MNA for L'Assomption
- In office June 10, 1996 – March 26, 2007
- Preceded by: Jacques Parizeau
- Succeeded by: Éric Laporte

Personal details
- Born: September 27, 1962 (age 63) Montreal, Quebec
- Party: Parti Québécois

= Jean-Claude St-André =

Canadian politician (born 1962)

Jean-Claude St-André (born September 27, 1962) is a Quebec provincial politician and was the Member of the National Assembly of Quebec representing L'Assomption for the Parti Québécois.

He earned his Bachelor of Arts in social sciences from the Université de Montréal in 1984 and subsequently studied business administration at the Université du Québec à Montréal. After working for several years in business he became involved in politics joining the staff of the MNA for Anjou in 1992 and then serving in the office of the Premier of Quebec, Jacques Parizeau from 1994 to 1996. As a youth he had campaigned for the "Yes" side in the 1980 Quebec referendum on sovereignty-association and was also active with the PQ on the Anjou riding executive and as a campaign manager throughout the 1980s and 1990s.

On June 10, 1996, he was elected MNA for L'Assomption in a by-election and was re-elected in the 1998 and 2003 provincial elections.

Since May 2003 he has been spokesman of the official opposition on birthrate and demography.

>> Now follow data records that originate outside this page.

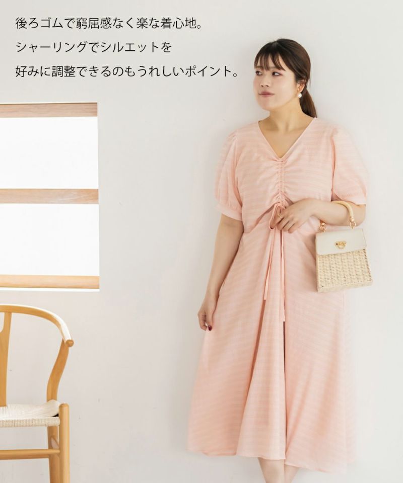 3Lサイズを着用しました!全体的に締め付け感はなく、ウエストは後ろゴムでらくちんなのも嬉しい♪スカート部分はふんわり広がるフレアシルエットで、体型カバーも叶うデザインです!胸元のシャーリングリボンは調整できるので、自分の好みのバランスに合わせられるのも嬉しいポイント。さらっと軽やかな生地感で、暑い日でも快適に着られそう!デートにもお出かけにもぴったりな、ときめきワンピです◎
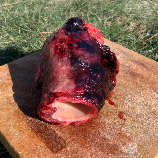 Note: Every attempt has been made to remove the thyroid from our cows during slaughter. This is because thyroid tissue can elevate your pet's thyroid hormones. However, we may have punctured the thyroid during removal. This could cause the gullet to contain elevated levels of beef thyroid hormone. Beef thyroid hormone fed in excess could cause thyroid issues in your pet. Please do not overfeed gullet.
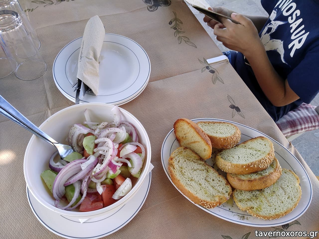 Αγγουροντομάτα (πενιχρή) και ψωμάκια με λαδορίγανη (ΟΚ)
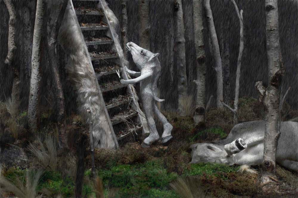 Q: The forest as a dangerous place for innocents and how fairy tales reinforced those perceptions are a couple of themes you explore in this project. Instead of using unaltered figurines and toy/miniature animals, you re-imagine these themes with deformed and mutilated toy horses and ponies and mutant humanoids you’ve described as the horses’ caretakers.
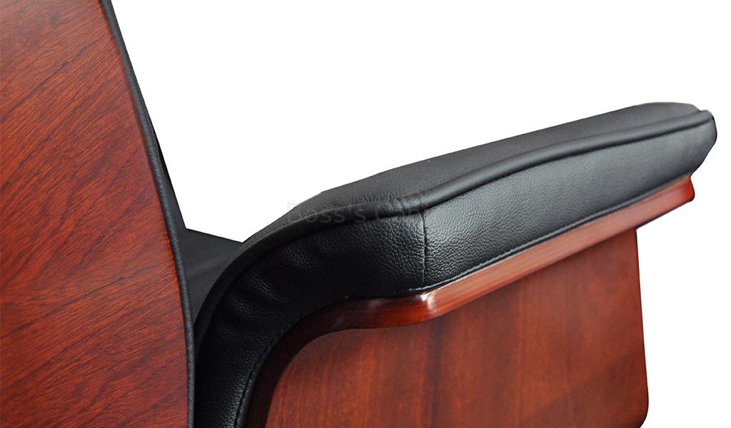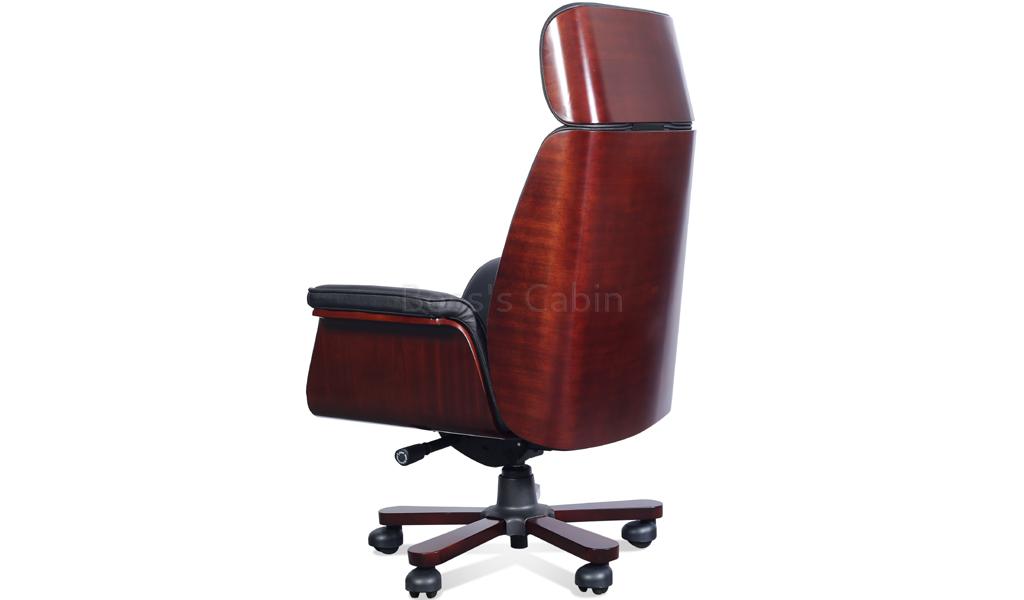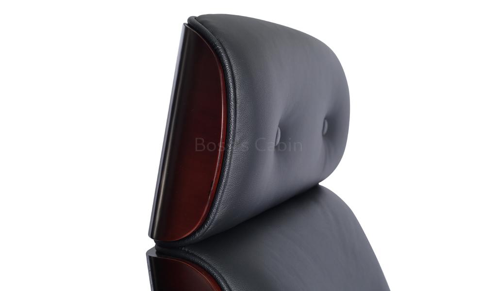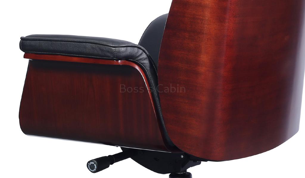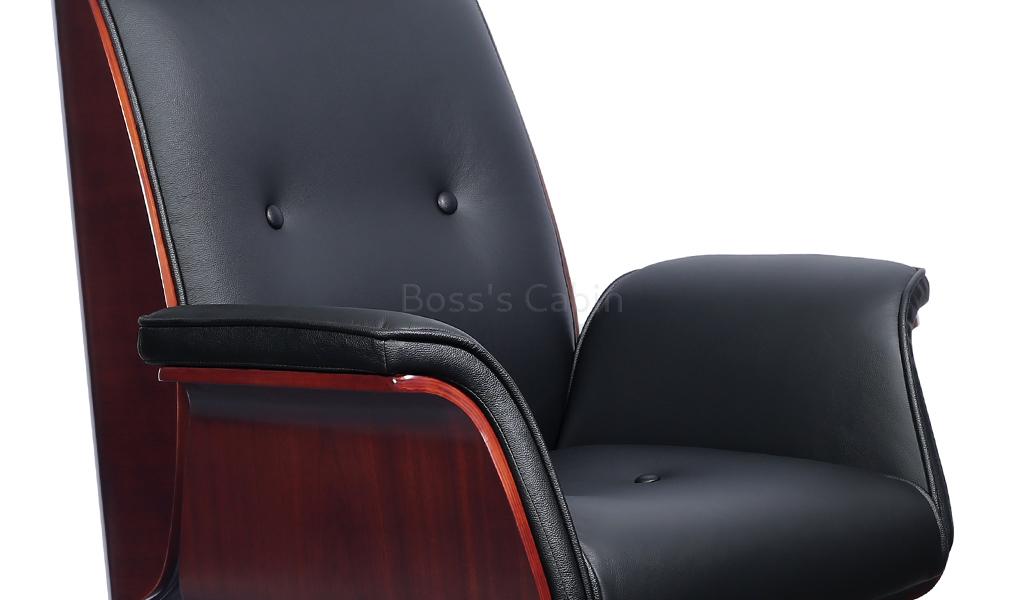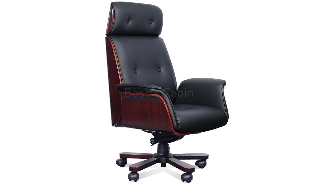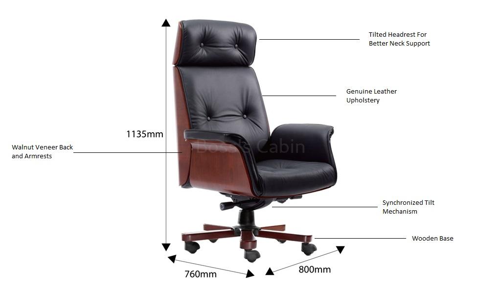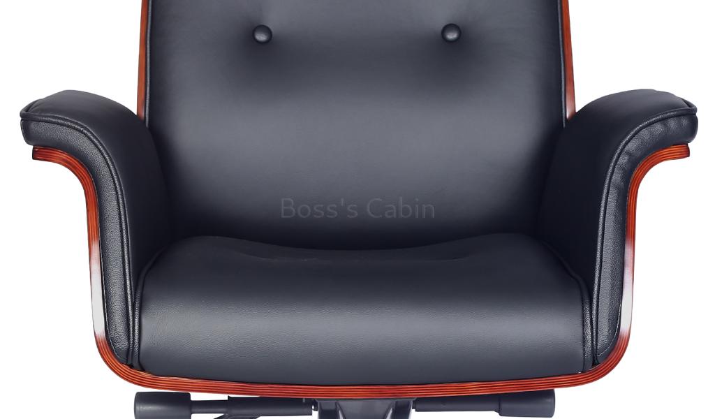 A classic, chesterfield office chair in black leather and veneer. Includes advanced ergonomic features recommended for intensive use 6 to 8 hours per day. Easy to operate high back multi-function office chair Genuine tufted leather upholster with molded plywood frame with natural wood veneer. Synchro tilt mechanism and tension control. Leather upholstered & molded, veneered armrests. Pneumatic one touch seat height adjustment Heavy duty wooden base with nylon castors for luxurious look and lasting durability

On August 25, 2005, St-André officially became a candidate in the 2005 Parti Québécois leadership election. He won 951 votes or 0.9% of ballots cast when the vote results were announced on November 15, 2005.

In the 2007 Quebec elections, St-André was defeated by the ADQ's Eric Laporte by over 2,000 votes.

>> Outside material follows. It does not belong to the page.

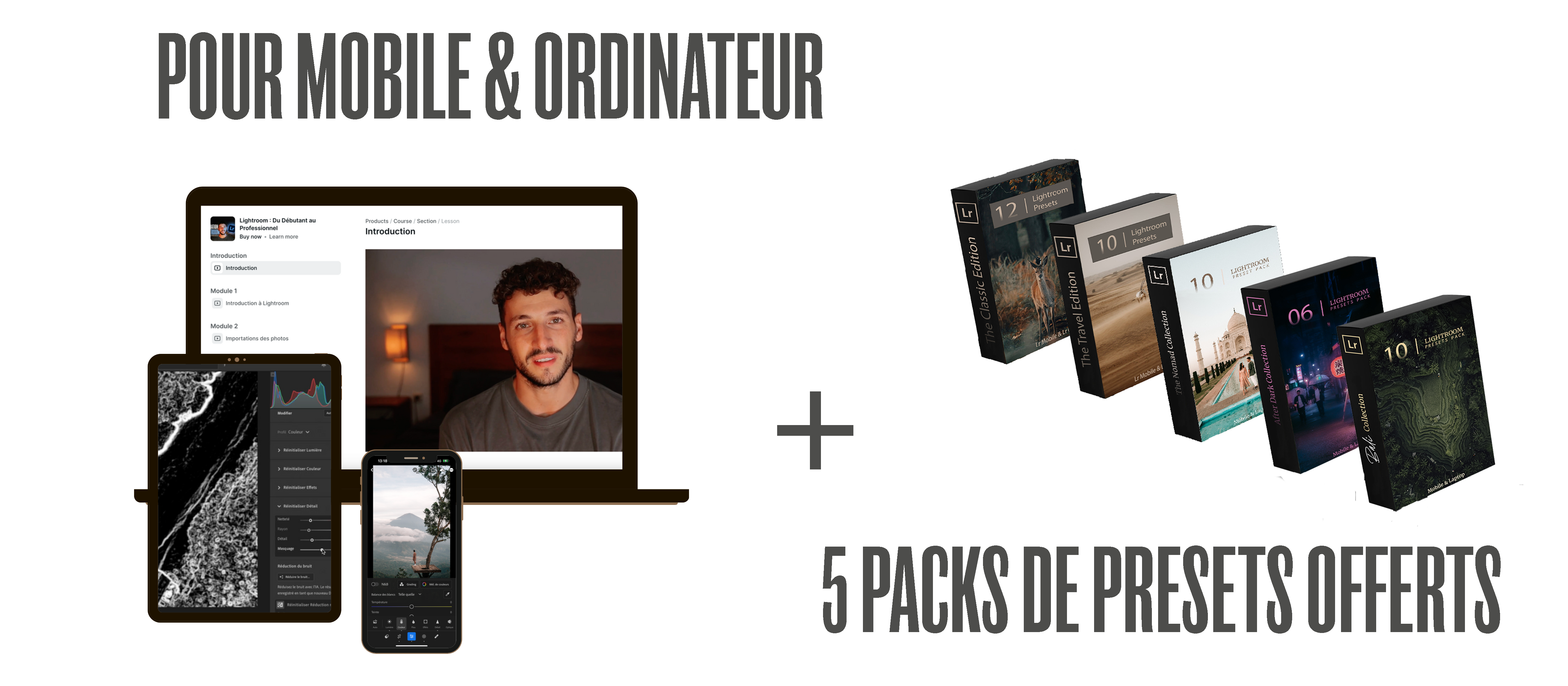 Que tu utilises Lightroom sur ton ordinateur ou ton téléphone, que tu aies la version payante ou gratuite, cette formation t'apprend de A à Z tous les réglages du logiciel.
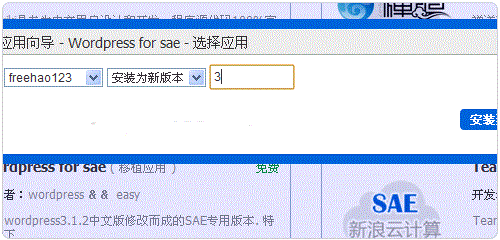 4、為Wordpress for sae 選擇相應(yīng)的版本,如果有多個應(yīng)用,可以選擇安裝在這不同的地方,如下圖:

On November 8, 2008, members of the Parti Québécois put his name forward for the MNA for L'Assomption riding in the 2008 provincial election; however, Parti Québécois leader Pauline Marois ruled his candidacy out, on the basis that the riding owes the party money, and St-André would not rally to the party line of placing a separatist referendum on the back burner.